The moratorium won a unanimous vote Tuesday, with little comment.
Developers can expect to be encouraged by the eventual new rules to assemble larger pieces of land, and to build denser projects to house more people, but still at a maximum height of five or six stories, officials said in public hearings leading up to Tuesday. More amenities might be required, like benches, curbs, and street lights. The parking requirements will be redone, as well.
“You need bodies; you need people in your downtown to make it work,’’ Renee Miller of Miller Consulting said in a February presentation to commissioners.
Larger residential projects won’t be paused by the moratorium; that’s the type of construction the city encourages, City Manager David Hebert said.

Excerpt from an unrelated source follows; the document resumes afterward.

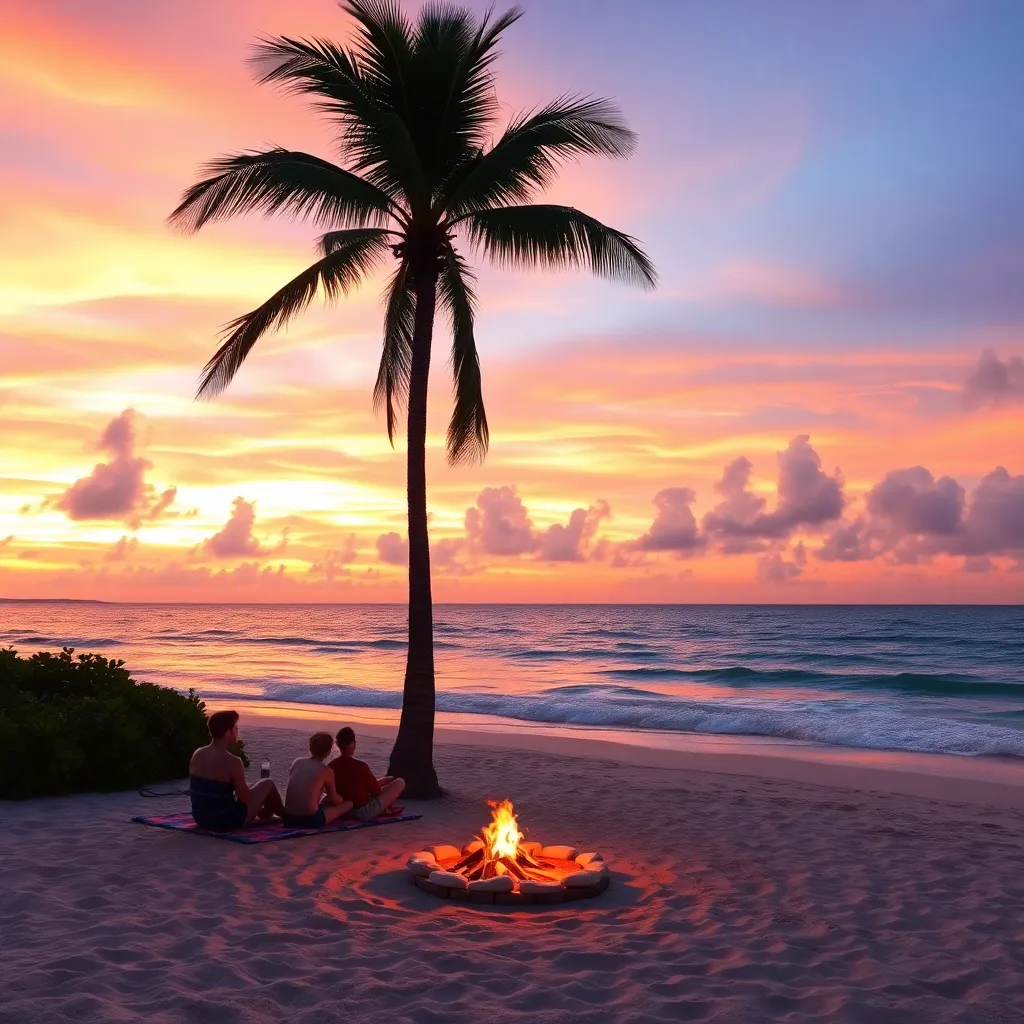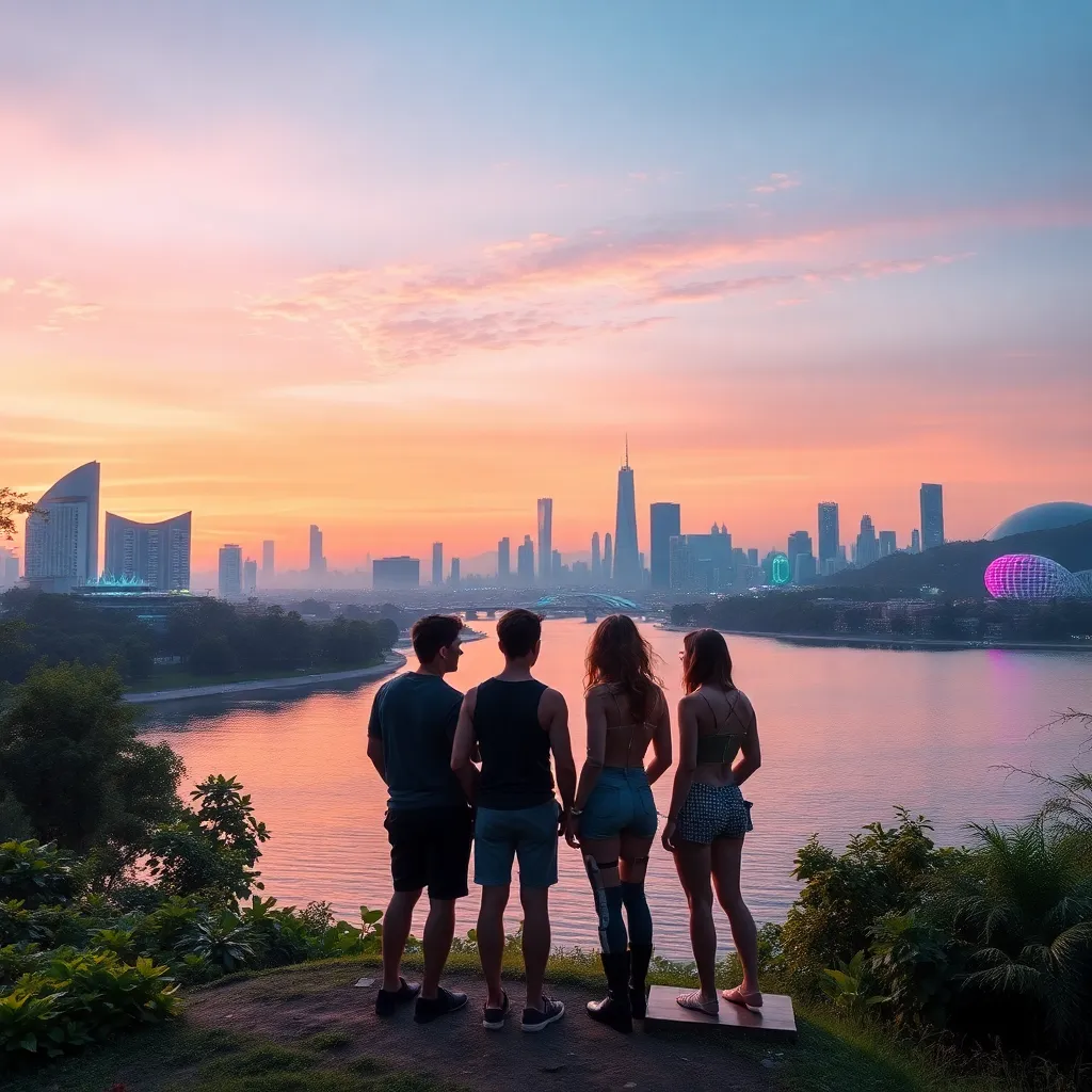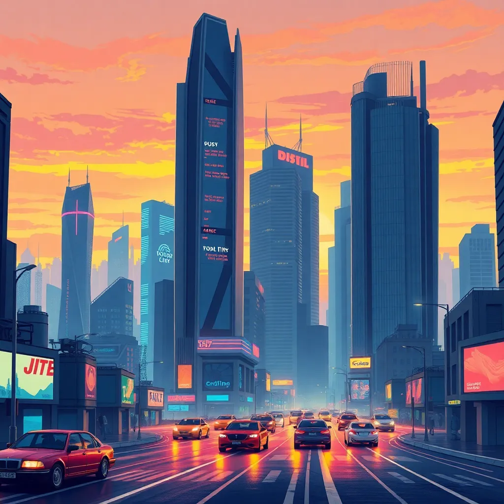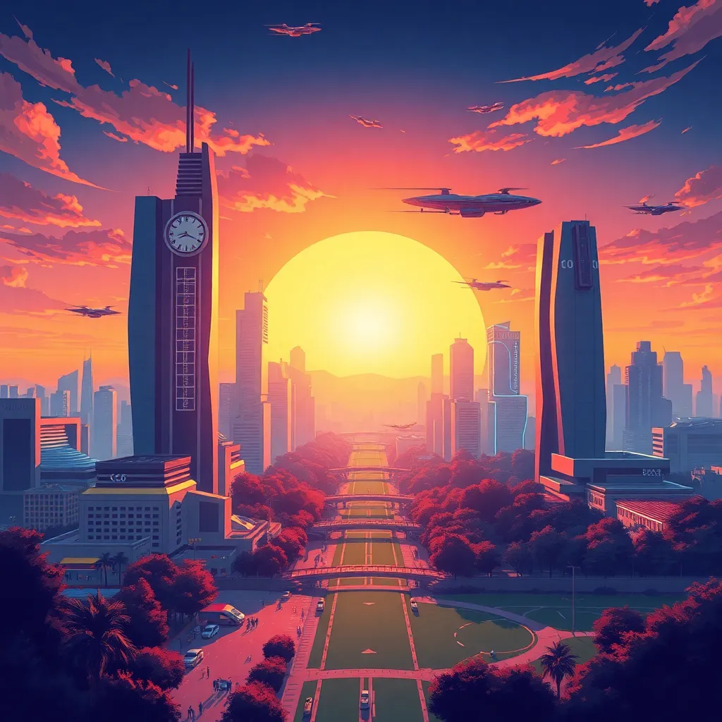 Create an illustration of a futuristic cityscape at sunset, with sleek skyscrapers, hovering cars, and a vibrant atmosphere. Incorporate a prominent clock tower, a sprawling park, and a subtle hint of neon lights. The color palette should be a mix of warm oranges, blues, and purples, with a sense of dynamic energy.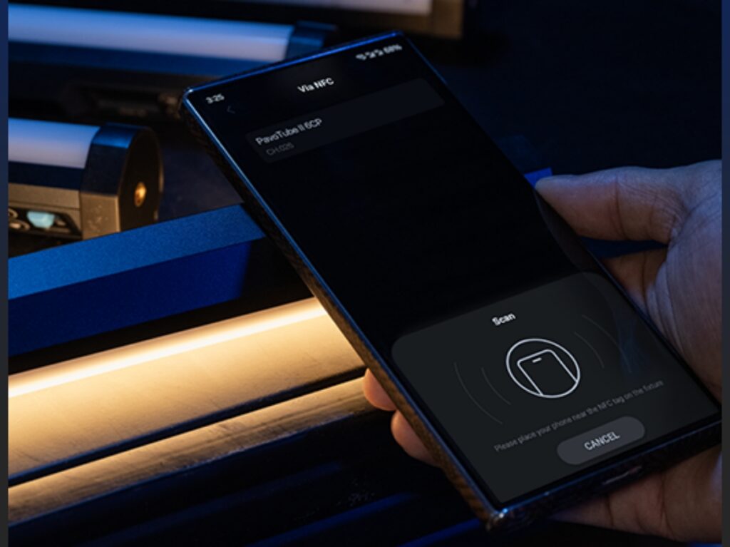 NANLITE ha rediseñado la interfaz de usuario con una disposición de botones y una estructura de menús optimizadas para un manejo más intuitivo del dispositivo. El PavoTube II 6CP también se puede controlar mediante la aplicación NANLINK 2.0, cuenta con NFC integrado que permite emparejarlo rápidamente con solo acercar tu smartphone o tablet compatible a la etiqueta NFC del dispositivo.

The moratorium is part of a larger effort the city is undertaking to modernize its land development rules and continue to foster a small but hip city center. Stephen Scott, assistant director of planning, zoning and building, said progress already has been made. The city created a culinary arts district, and attracted Funky Buddha Brewery.
The downtown starts at Oakland Park Boulevard, spanning north to about 43rd Street. On the east and west it is bordered by Northeast 10th and 13th avenues. The city’s Main Street is 12th Avenue, next to the Florida East Coast railroad tracks. Just west of the tracks, Dixie Highway also runs through the downtown zone.
The city is less than eight square miles, and is one of the 16 of Broward’s 31 cities with a population less than 50,000.